In this project, the conceptual design of the bracket installation system on the cross arm was developed by integrating the TRIZ–morphological chart–ANP technique. A suitable solution was explored for the conceptual design stage that engaged the current design issues. Generally, the overall process to establish the conceptual design of the bracket installation system to connect the bracing with the cross arm in this project involves four main stages: (1) idea generation, (2) idea refinement, (3) concept design development, and (4) concept design selection. In short, the TRIZ approach was used in Stage 1 to help generate the ideas to solve the current problem designs of bracket installation systems on the cross arm by implementing 39 engineering parameters and 40 inventive principles. The main aims of the TRIZ are to identify the problems of the existing design, to eliminate contradictions, and to provide a new solution by using the systematic design approach.
Then, the morphological chart was used as the idea refinement tool that provides a way to express fewer solutions for every design element. Based on the listed solutions for every element, the potential solution that contributed to the design’s functionality was chosen. The morphological chart allows the designers to explore various possible solutions for each design element and to analyze the good characteristics to produce the optimum conceptual design. A few designs of the cross arm bracket installation system were developed based on the design elements in the morphological chart. Then, in the concept design selection stage, using the ANP technique, the best conceptual design that satisfied the design intent was selected using Super Decision 3.2 software.
To execute the ANP technique, the Super Decision 3.20 software was used. The network was developed to find the best conceptual design for the bracket installation on the cross arm, as shown in Figure 1. The process of judgment in the Super Decision Software 3.2 is presented in Figure 2 to show the example of a pair-wise judgment technique between the concept designs with respect to strength. In this project, the raw material cost was set to be equal to density because the design’s mass determines the cost of the raw material. The stiffness and strength performance were the key objective during the selection and were set to be the highest, while the composite assembly was set to be the second highest after the performance because the method of assembly is one of the main differences among the concept designs. Figure 3 shows the overall flowchart of conceptual design development using the hybrid concurrent engineering process.

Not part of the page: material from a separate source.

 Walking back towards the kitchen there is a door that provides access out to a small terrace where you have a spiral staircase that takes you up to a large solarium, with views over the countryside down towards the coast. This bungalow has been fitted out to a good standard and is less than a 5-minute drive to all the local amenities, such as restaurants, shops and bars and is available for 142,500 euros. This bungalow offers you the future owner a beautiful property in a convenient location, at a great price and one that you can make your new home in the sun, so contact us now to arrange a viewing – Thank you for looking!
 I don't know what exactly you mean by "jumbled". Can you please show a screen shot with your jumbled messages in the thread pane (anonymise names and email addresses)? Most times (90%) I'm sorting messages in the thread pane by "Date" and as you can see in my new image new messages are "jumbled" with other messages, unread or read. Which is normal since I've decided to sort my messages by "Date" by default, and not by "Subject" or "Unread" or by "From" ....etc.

3. Case Study on the Development of a Bracket Installation System on a Cross Arm of the Transmission Tower

Incorporating additional bracing arms has been proven to reduce the buckling reaction and, subsequently, to improve the cross arm’s structural integrity [25,27]. The fastener bracket installation system attaches the bracing bars with the cross arm members [23]. The current bracket installation system design on the cross arm uses steel as the material, and bolts and nuts are used to join the bracket with the members. Figure 4 and Figure 5 show that the bracket installation system uses mild steel to join the cross arm with the bracing members.

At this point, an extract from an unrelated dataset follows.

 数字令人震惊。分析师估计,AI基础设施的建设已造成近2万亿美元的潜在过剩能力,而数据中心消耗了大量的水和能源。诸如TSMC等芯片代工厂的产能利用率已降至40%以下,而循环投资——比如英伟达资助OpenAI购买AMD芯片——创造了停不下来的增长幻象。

Several issues have arisen regarding the bracket installation system of the bracing with the cross arm. One of the concerns is the material used, because the current bracket of the bracing that connects the bracing with the cross arm member uses galvanized steel [23,24]. This material is conductive, affecting the insulation performance, especially during lightning strikes. Furthermore,, steel has a major drawback as it can easily rust when continuously exposed to water and oxygen for a period of time. The bracket on the cross arm will constantly be exposed to various environmental conditions, including rain and hot weather, that can cause rust to form while the bracket is in service.
The main objective of this research is to enhance the insulation performance on the cross arm and avoid rusting on the bracket. To achieve the objectives, the composite material was chosen to replace steel due to its nonconductive and rust-resistant properties. Using natural fibers as an alternative material in many industrial sectors has been one of the significant global interests in moving towards a greener environment and sustainability [31,32]. Therefore, the natural fiber-reinforced polymer (NFRP) composite was chosen as the possible candidate to achieve the goal of this project while coping with the environmental issue [31].

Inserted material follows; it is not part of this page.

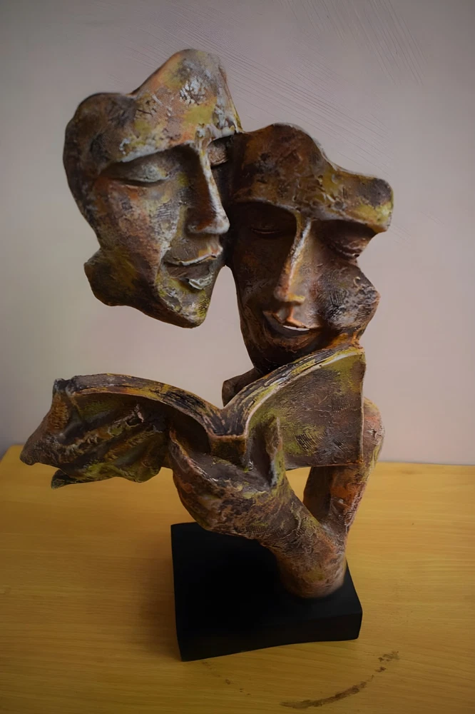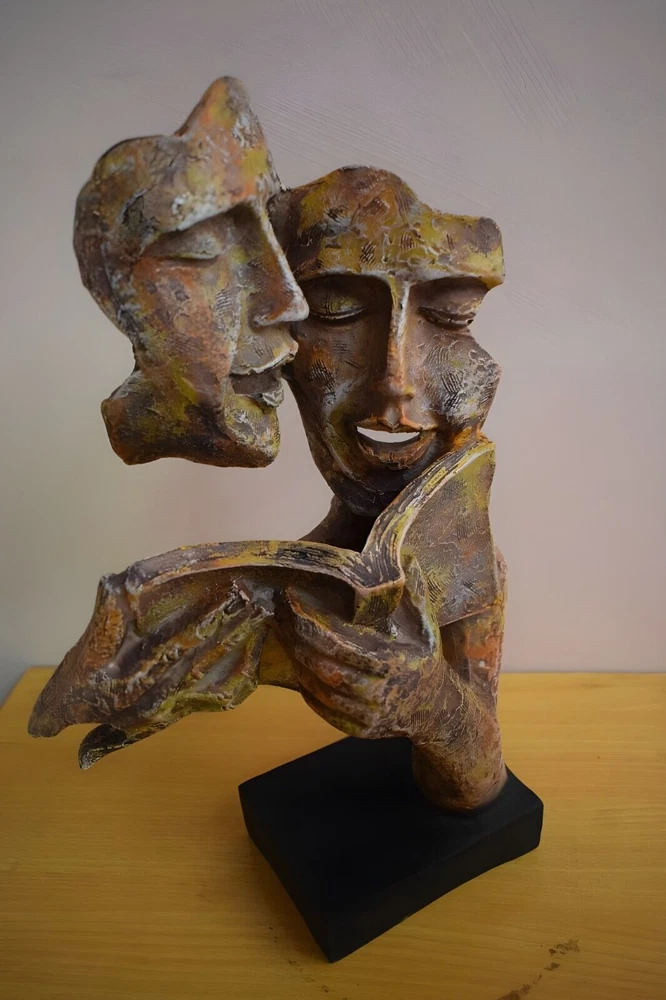 Package Contains - 1 Pc. Mother and Son Face Sculpture/Figurine. Couples Book reading Statue Best in Class Antique Colour Rich Looking Pattern. You can buy this for your beloved also. Add these to your decor or gift it to your loved ones, you will love it. You can Give any One Who interested in Book Reading. Material : Poly resin This beautiful statue is made in high-quality Poly Resin. It is made of good quality material. Size : Length - 8 " inch, Width 3" inch, Height 13" inch. It is one of the best home accents you will find and looks really stunning in an attractive colour.This handcrafted piece helps to enhance the beauty and charm of your home decor. This Modern Art is best for unique gifts suitable for housewarming, rich look art, art lover, thanksgiving, retirement gift, corporate gifts, new year, Diwali, inauguration, marriage, ceremony, anniversary gifts. Disclaimer - Images are for reference only actual product may vary due to photographic lighting condition. ??The Item will Deliver before Christmas!!!???

To discover and perform in-depth analysis regarding the problem of the NFRP bracket installation system, the functional analysis technique was used to find out the underlying contradictions of the problem. This technique is an analytical tool that provides engineers and designers with information on the system’s components and the functional relationship between the components. The steps in the functional analysis include generating the component analysis, identifying the interaction analysis, and developing the function modelling [6]. Generally, the steps in the functional analysis guide the engineer to determine the contradictions of the system, which can be interpreted in terms of technical and physical contradictions. Technical contradictions are related to the properties of the whole technical system, while physical contradictions are related to the physical properties of one characteristic of an element of the system. Based on this project, the contradictions from the bionanocomposite bracket installation system can be visualized in terms of the technical contradictions because it is easier to interpret the possible parameters. Figure 6 shows the functional analysis of the bionanocomposite bracket installation system on the cross arm.
Based on the functional analysis flowchart, the supersystem of rain and electrical current might benefit from replacing steel with the NFRP composite because the composite can prevent the bracket from rusting and disturbing the flow of the electrical charge from flowing at the bracket. However, several contradictions may arise due to the material replacement. Firstly, the NFRP composite undergoes ultraviolet radiation degradation. According to Mayandi et al. [33], delamination and cracks were observed on the matrix of NFRP that was continuously exposed to sunlight. The cracks could disturb the interfacial bonding between the fibers and matrices and, thus, lead to debonding of the two constituents’ materials which could reduce the stiffness and durability of the structure. This is a crucial condition that should be considered in the bracket system design because the material is used on a structure that is openly exposed to many environmental conditions on the tower.
Next, the mechanical strength might be reduced due to material replacement. Based on previous studies, natural fiber permits low strength and stiffness compared to synthetic fibers, such as carbon and Kevlar. The bracing members are designed to provide support to the cross arm to sustain the mechanical load from the conductors and insulators. Hence, the bracket which connects the bracing members with the cross arm should have high strength to prevent it from breaking as the external force is high.
To ensure every supersystem from the functional analysis chart can benefit from the use of bionanocomposites in the design of the bracket installation system, improvement on the material properties should be made. Therefore, TRIZ was used to tackle the issue.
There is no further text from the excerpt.